Beware of captive life insurance – Connelly v. United States | Farrell Fritz, PC

On June 6, 2024, the Supreme Court unanimously decided the case Connelly v. United States, involving the valuation of a business with a captive life insurance policy. In this case, two brothers were the sole shareholders of a business. The business had a buy-sell agreement that provided that upon the death of one brother, the survivor could buy out his deceased brother’s shares in the business using a captive life insurance policy. Upon the death of one brother, the survivor declined to purchase the shares, and the business redeemed them using the insurance proceeds. The deceased brother’s estate filed an estate tax return reporting the value of the shares at the surrender price. The value did not include most of the insurance proceeds because those proceeds were offset by the cost of repurchasing the shares.

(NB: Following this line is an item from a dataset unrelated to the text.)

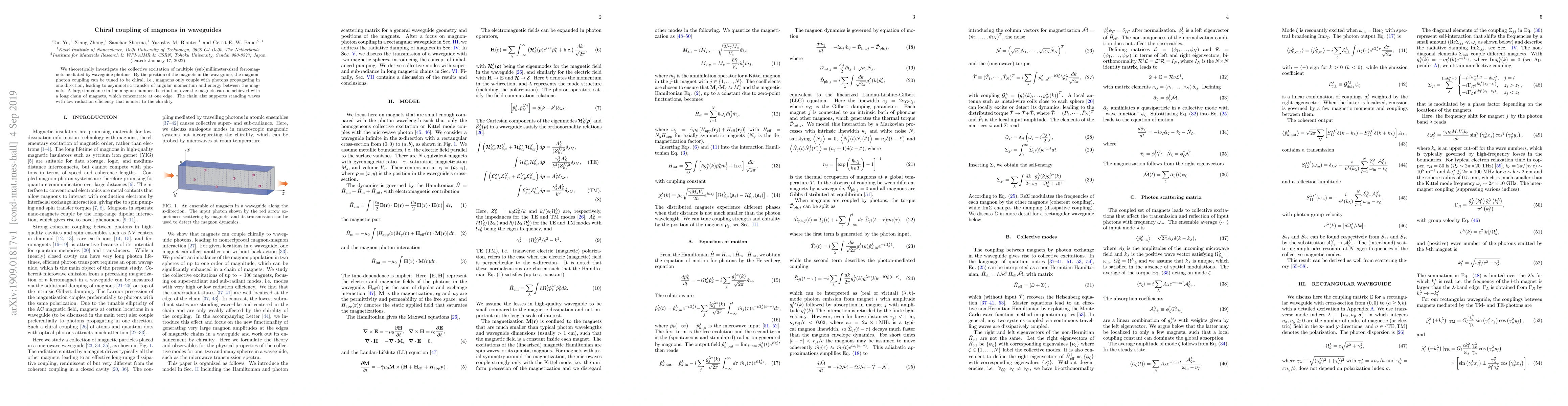 This research theoretically explores how magnets in a waveguide can be arranged to enable unidirectional, or chiral, coupling with photons. This tuning allows for an imbalance in energy and angular momentum transfer, concentrating magnons at one edge of a long magnet chain. The chain also supports standing waves with minimal energy loss, maintaining this chirality.

In examining the estate tax return, the IRS disagreed with the company’s valuation, arguing that the value of the company’s interest should be increased by the amount of the insurance, essentially doubling the value of the company. The court argued that the company’s obligation to redeem shares was not a liability that reduced the value of those shares. Note that it is not entirely clear whether the decision would be the same for independent business owners.

In light of the court’s decision, business owners should be particularly aware that company-owned life insurance can significantly increase the value of the business for inheritance tax purposes.